### [Records shown]
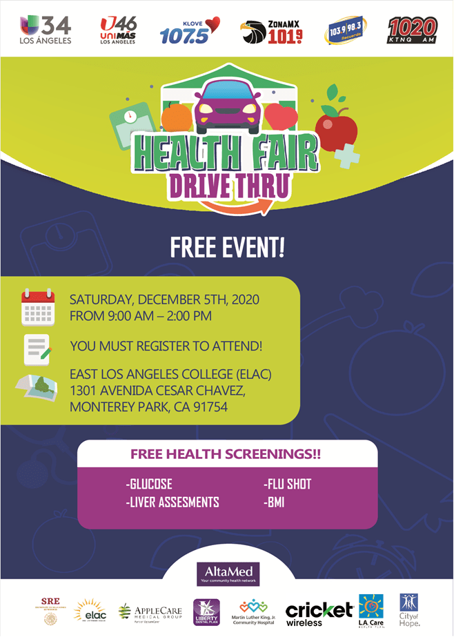 Compartiendo este evento con todos. Dará vacunas gratuitas contra la gripe para adultos y otros #drivethru #HealthFair
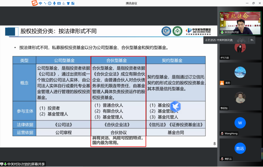 讲座伊始,孙次锁首先介绍了常见的投资种类,并按照股权投资是否上市、股权投资法律形式不同、股权投资募集方式不同以及股权投资资金性质不同的标准,将股权投资进行了分类。孙次锁着重介绍了一级市场股权投资的几种主要形式:天使投资、VC、PE和并购基金,并详细比较了VC和PE。他指出,VC和PE最本质的区别在于前者是投资于创新,后者是投资于经营。因此,VC常与高科技及新经济企业相伴,且多为处于初创期的企业,所能容纳的资金量级较小,通常在百万级别,具有高风险、高收益以及小资金的特点;PE则通常活跃于传统型行业,企业处于成长期甚至成熟期,所能容纳的资金量级大,资金规模从千万级到数十亿级不等,相对于VC,PE具有低风险,低收益和大资金的特点。
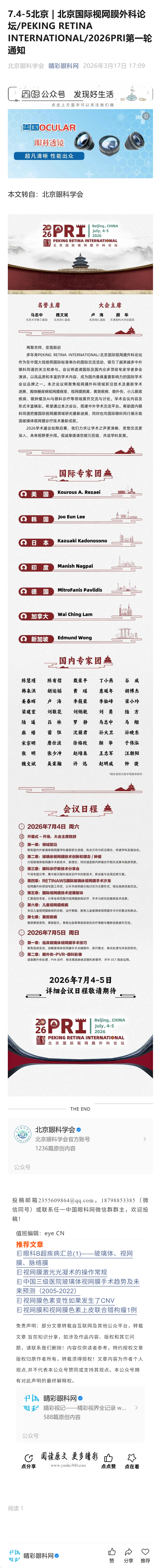 新闻中心 您的当前位置:首页 > 新闻中心 > 7.4-5北京 | 北京国际 7.4-5北京 | 北京国际视网膜外科论坛/PEKING RETINA INTERNATIONAL/2026PRI第一轮通知------2026-3-17 发布时间:2026-03-17 来源: 作者:
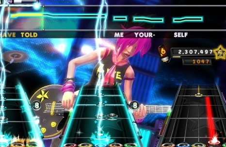 遊戲簡介: 本作是吉他英雄相關係列的第一款10歲以上級別作品,玩家可以通過吉他,鼓,貝斯和麥克風,和朋友一起享受最受歡迎的40多首曲子。遊戲繼承了吉他英雄簡單易上手的特徵。即使是新玩家也可以體驗到本作的樂趣。 遊戲畫面:
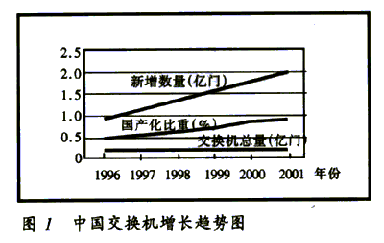 2000年,中國公用通信網(wǎng)上局用程控交換機(jī)的總?cè)萘窟_(dá)到1.79億門,國內(nèi)生產(chǎn)設(shè)備的比重達(dá)80%。預(yù)計2001年新增交換機(jī)容量2100萬門,總?cè)萘窟_(dá)到2億門,國內(nèi)生產(chǎn)設(shè)備的比重超過85%,增長趨勢見圖1。
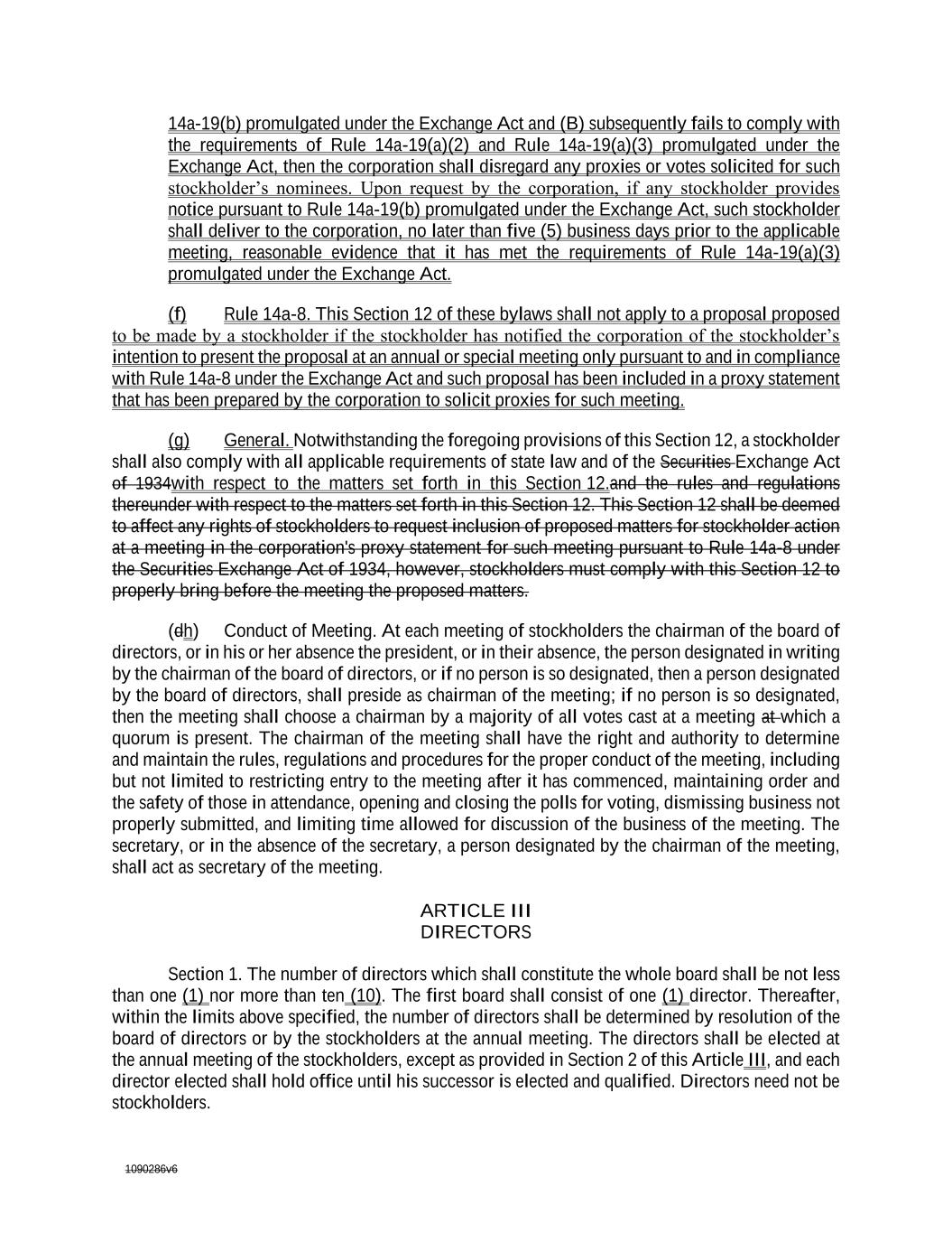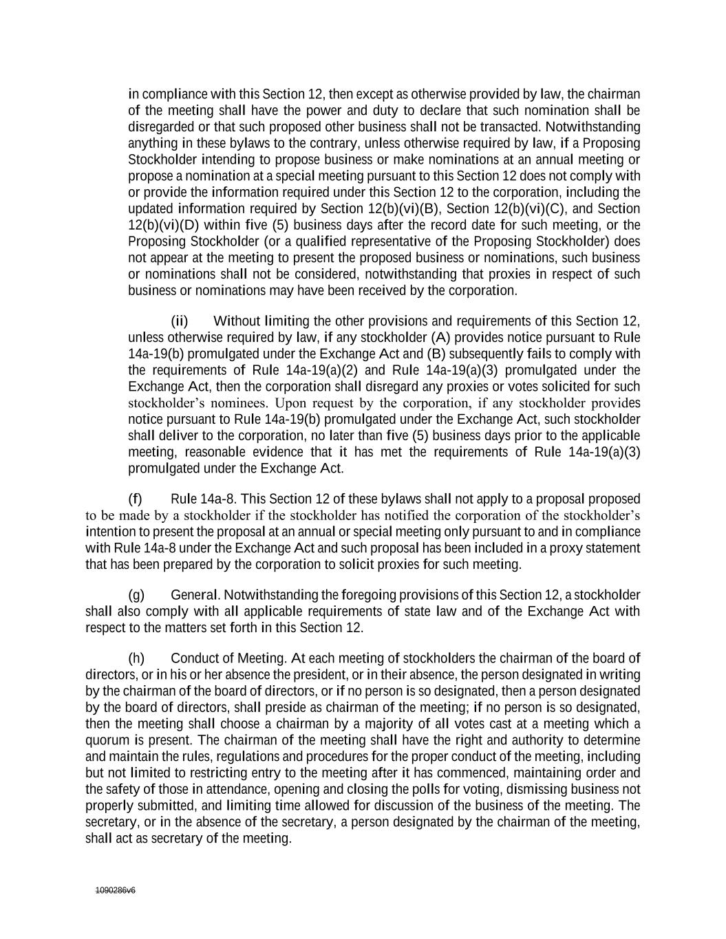 1090286v6 14a-19(b) promulgated under the Exchange Act and (B) subsequently fails to comply with the requirements of Rule 14a-19(a)(2) and Rule 14a-19(a)(3) promulgated under the Exchange Act, then the corporation shall disregard any proxies or votes solicited for such stockholder’s nominees. Upon request by the corporation, if any stockholder provides notice pursuant to Rule 14a-19(b) promulgated under the Exchange Act, such stockholder shall deliver to the corporation, no later than five (5) business days prior to the applicable meeting, reasonable evidence that it has met the requirements of Rule 14a-19(a)(3) promulgated under the Exchange Act. (f) Rule 14a-8. This Section 12 of these bylaws shall not apply to a proposal proposed to be made by a stockholder if the stockholder has notified the corporation of the stockholder’s intention to present the proposal at an annual or special meeting only pursuant to and in compliance with Rule 14a-8 under the Exchange Act and such proposal has been included in a proxy statement that has been prepared by the corporation to solicit proxies for such meeting. (g) General. Notwithstanding the foregoing provisions of this Section 12, a stockholder shall also comply with all applicable requirements of state law and of the Securities Exchange Act of 1934with respect to the matters set forth in this Section 12.and the rules and regulations thereunder with respect to the matters set forth in this Section 12. This Section 12 shall be deemed to affect any rights of stockholders to request inclusion of proposed matters for stockholder action at a meeting in the corporation's proxy statement for such meeting pursuant to Rule 14a-8 under the Securities Exchange Act of 1934, however, stockholders must comply with this Section 12 to properly bring before the meeting the proposed matters. (dh) Conduct of Meeting. At each meeting of stockholders the chairman of the board of directors, or in his or her absence the president, or in their absence, the person designated in writing by the chairman of the board of directors, or if no person is so designated, then a person designated by the board of directors, shall preside as chairman of the meeting; if no person is so designated, then the meeting shall choose a chairman by a majority of all votes cast at a meeting at which a quorum is present. The chairman of the meeting shall have the right and authority to determine and maintain the rules, regulations and procedures for the proper conduct of the meeting, including but not limited to restricting entry to the meeting after it has commenced, maintaining order and the safety of those in attendance, opening and closing the polls for voting, dismissing business not properly submitted, and limiting time allowed for discussion of the business of the meeting. The secretary, or in the absence of the secretary, a person designated by the chairman of the meeting, shall act as secretary of the meeting. ARTICLE III DIRECTORS Section 1. The number of directors which shall constitute the whole board shall be not less than one (1) nor more than ten (10). The first board shall consist of one (1) director. Thereafter, within the limits above specified, the number of directors shall be determined by resolution of the board of directors or by the stockholders at the annual meeting. The directors shall be elected at the annual meeting of the stockholders, except as provided in Section 2 of this Article III, and each director elected shall hold office until his successor is elected and qualified. Directors need not be stockholders.

### [Task item]
Restate word for word only the lines from where the entries begin through the one with "2000年,中國公用通信網(wǎng)上"; omit the pictures.

### [Solution to this task]
 Compartiendo este evento con todos. Dará vacunas gratuitas contra la gripe para adultos y otros #drivethru #HealthFair
 讲座伊始,孙次锁首先介绍了常见的投资种类,并按照股权投资是否上市、股权投资法律形式不同、股权投资募集方式不同以及股权投资资金性质不同的标准,将股权投资进行了分类。孙次锁着重介绍了一级市场股权投资的几种主要形式:天使投资、VC、PE和并购基金,并详细比较了VC和PE。他指出,VC和PE最本质的区别在于前者是投资于创新,后者是投资于经营。因此,VC常与高科技及新经济企业相伴,且多为处于初创期的企业,所能容纳的资金量级较小,通常在百万级别,具有高风险、高收益以及小资金的特点;PE则通常活跃于传统型行业,企业处于成长期甚至成熟期,所能容纳的资金量级大,资金规模从千万级到数十亿级不等,相对于VC,PE具有低风险,低收益和大资金的特点。
 新闻中心 您的当前位置:首页 > 新闻中心 > 7.4-5北京 | 北京国际 7.4-5北京 | 北京国际视网膜外科论坛/PEKING RETINA INTERNATIONAL/2026PRI第一轮通知------2026-3-17 发布时间:2026-03-17 来源: 作者:
 遊戲簡介: 本作是吉他英雄相關係列的第一款10歲以上級別作品,玩家可以通過吉他,鼓,貝斯和麥克風,和朋友一起享受最受歡迎的40多首曲子。遊戲繼承了吉他英雄簡單易上手的特徵。即使是新玩家也可以體驗到本作的樂趣。 遊戲畫面:
 2000年,中國公用通信網(wǎng)上局用程控交換機(jī)的總?cè)萘窟_(dá)到1.79億門,國內(nèi)生產(chǎn)設(shè)備的比重達(dá)80%。預(yù)計2001年新增交換機(jī)容量2100萬門,總?cè)萘窟_(dá)到2億門,國內(nèi)生產(chǎn)設(shè)備的比重超過85%,增長趨勢見圖1。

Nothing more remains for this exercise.